▸ **Assignment**:
Beginning with the line that holds "听了张六女的亲身经历后,在张" and ending with the last line, please repeat the entries exactly and omit the pictures.

Dataset items

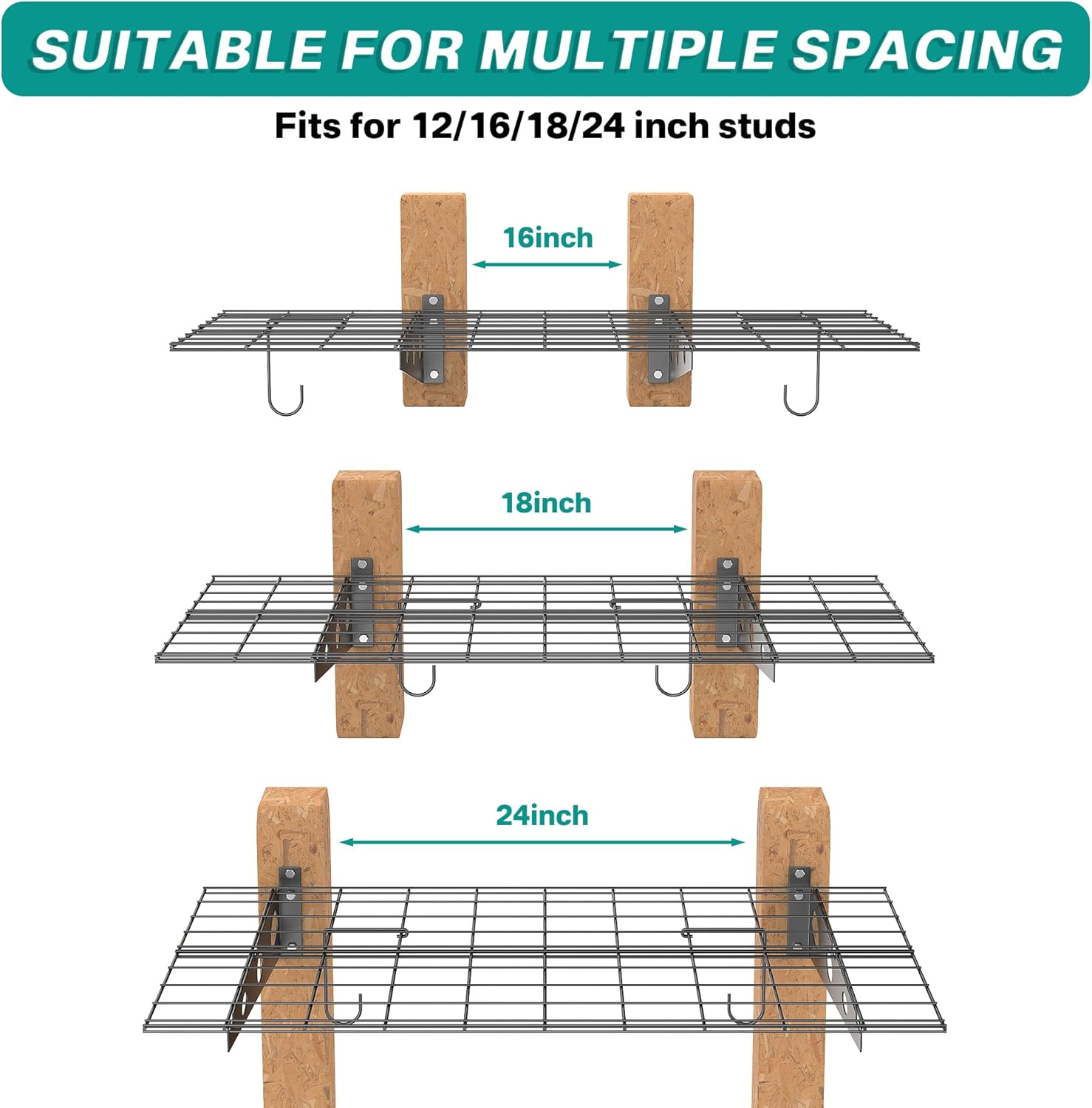 - Multifunctional Storage: Measuring 24x48 inches with a 220 lbs capacity, this wall shelves holds heavy items like tools, car accessories, and electronics. Included hooks are ideal for hanging hoes, shovels, and backpacks, meeting various storage needs
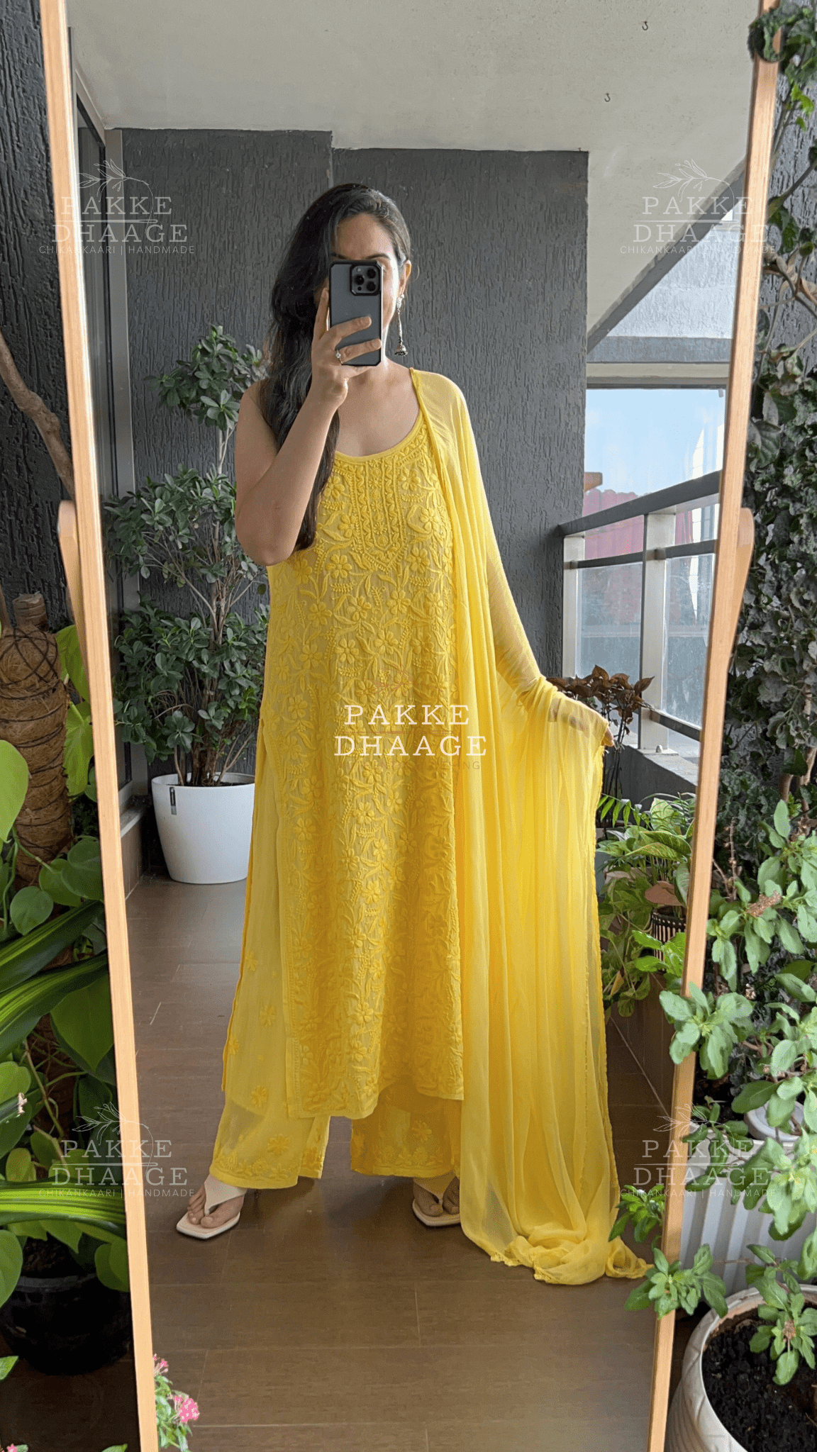 Noor Viscose Georgette Strappy Kurta & Kurta Sets - Vibrant Yellow
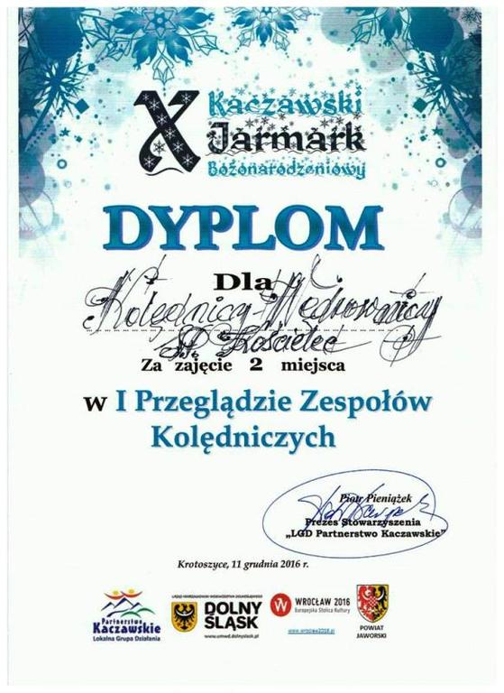W dniu 11 grudnia 2016 roku w Pałacu w Krotoszycach odbył się X Kaczawski Jarmark Bożonarodzeniowy. Jak co roku byliśmy tam obecni - przygotowaliśmy stoisko z przepięknymi stroikami i ozdobami świątecznymi oraz zaprezentowaliśmy występ zespołu kolędniczego złożonego z naszych uczniów. Nasza prezentacja w ramach I Przeglądu Zespołów Kolędniczych została oceniona bardzo wysoko i zajęliśmy 2 miejsce. Serdecznie dziękujemy wszystkim (szczególnie rodzicom), którzy przyczynili się do przygotowania ozdób świątecznych. Poniżej zdjęcia (źródło: http://dolny-slask24h.pl/).
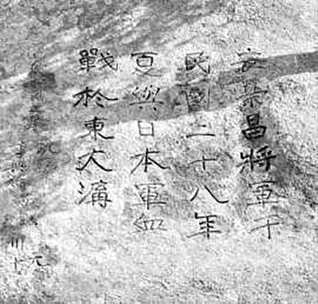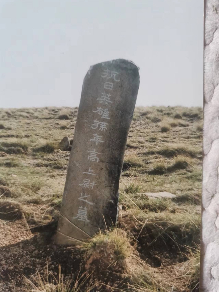 听了张六女的亲身经历后,在张套小的带领下,几人来到了张六女所述的当年战场所在地——一个离村子五六里的山沟里。在几块天然而成的巨石上,刻着如下文字:“安荣昌将军于民国二十八年夏与日军血战于东大沟”,落款为“己卯榴月上浣李兴祚、沈砚书敬志,束为卅十元”。己卯榴月即1939年农历5月,上浣为农历的第一个旬日,如同现在的上、中、下旬。刻碑人李兴祚、沈砚书应是亲自参加此次战斗的安荣昌部下,为纪念与日军在此地血战,自费三十元现洋请人刻碑于此,以纪念此次战斗。在此碑刻偏东南方向约一公里处,有两处条石状墓碑,高出地面约七十公分,宽25公分,厚度不等,平均约十公分,碑文用正楷书写,分别为“抗日英雄孙年高上尉之墓”和“抗日英雄张万山之墓”。附近还有在作战中牺牲的战士集中墓地。据张六女回忆,他生于1927年,打仗那年他虚岁13岁,给西公旗的一个分管兵丁的管事放骆驼。他正在野外放骆驼时,仗就打起来了,受到惊吓的骆驼都跑了,他也跑回村里躲藏,后来听村里的大人说,这次和日本人打仗的是傅作义的三十五军,来到这里的有一个团,团长姓宋,就住在他们村里。村子南边有部队挖的战壕,这些战壕是部队轮流换防陆续完成的。当时,日军从大佘太过来,双方在这一带交了火,国军牺牲了很多人。
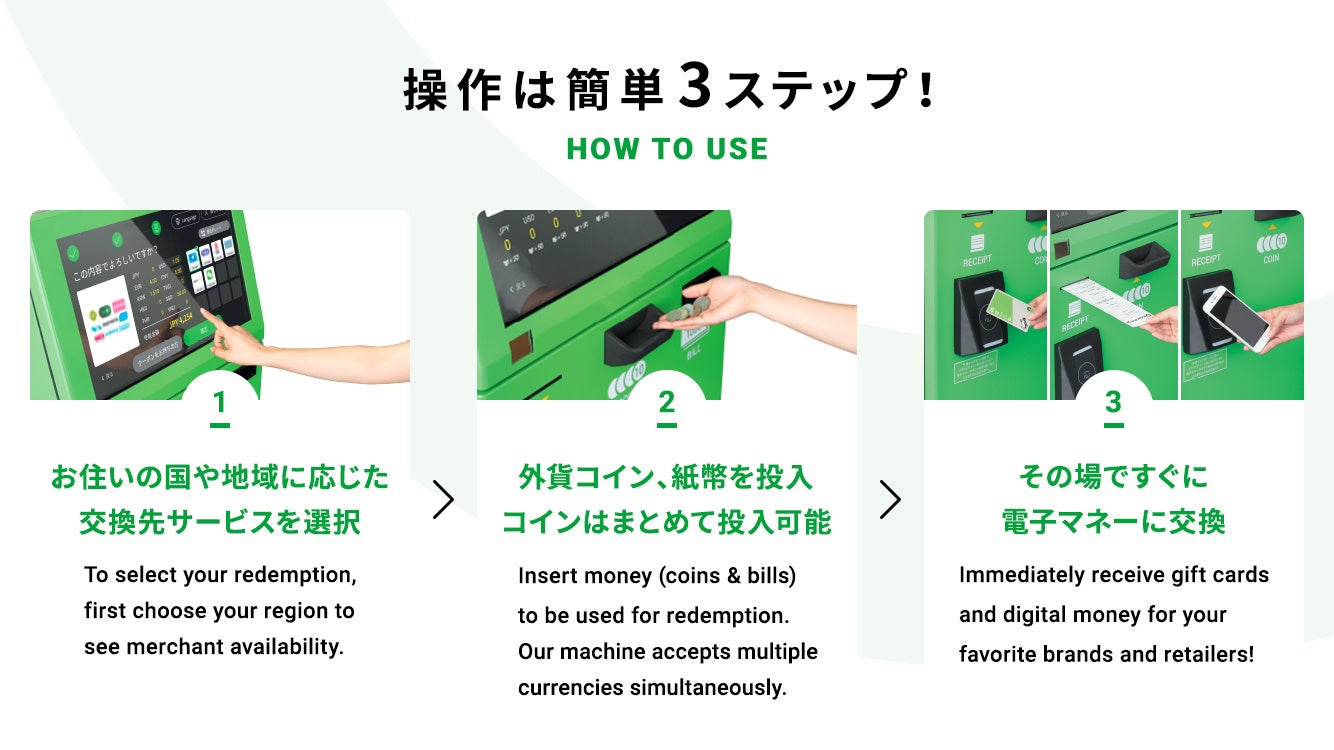 今回の取り組みを通して、海外から帰国された際に両替所を通さず、公共交通機関で使える交通系電子マネーやコンビニ等で利用可能な楽天Edy、WAON、nanacoといった電子マネーへ簡単/瞬時に交換し、日本人旅行客・インバウンド旅行客問わず、誰にでも使いやすく利便性の高いサービスの提供を展開していきます。

▸ **Task solution**:
 听了张六女的亲身经历后,在张套小的带领下,几人来到了张六女所述的当年战场所在地——一个离村子五六里的山沟里。在几块天然而成的巨石上,刻着如下文字:“安荣昌将军于民国二十八年夏与日军血战于东大沟”,落款为“己卯榴月上浣李兴祚、沈砚书敬志,束为卅十元”。己卯榴月即1939年农历5月,上浣为农历的第一个旬日,如同现在的上、中、下旬。刻碑人李兴祚、沈砚书应是亲自参加此次战斗的安荣昌部下,为纪念与日军在此地血战,自费三十元现洋请人刻碑于此,以纪念此次战斗。在此碑刻偏东南方向约一公里处,有两处条石状墓碑,高出地面约七十公分,宽25公分,厚度不等,平均约十公分,碑文用正楷书写,分别为“抗日英雄孙年高上尉之墓”和“抗日英雄张万山之墓”。附近还有在作战中牺牲的战士集中墓地。据张六女回忆,他生于1927年,打仗那年他虚岁13岁,给西公旗的一个分管兵丁的管事放骆驼。他正在野外放骆驼时,仗就打起来了,受到惊吓的骆驼都跑了,他也跑回村里躲藏,后来听村里的大人说,这次和日本人打仗的是傅作义的三十五军,来到这里的有一个团,团长姓宋,就住在他们村里。村子南边有部队挖的战壕,这些战壕是部队轮流换防陆续完成的。当时,日军从大佘太过来,双方在这一带交了火,国军牺牲了很多人。
 今回の取り組みを通して、海外から帰国された際に両替所を通さず、公共交通機関で使える交通系電子マネーやコンビニ等で利用可能な楽天Edy、WAON、nanacoといった電子マネーへ簡単/瞬時に交換し、日本人旅行客・インバウンド旅行客問わず、誰にでも使いやすく利便性の高いサービスの提供を展開していきます。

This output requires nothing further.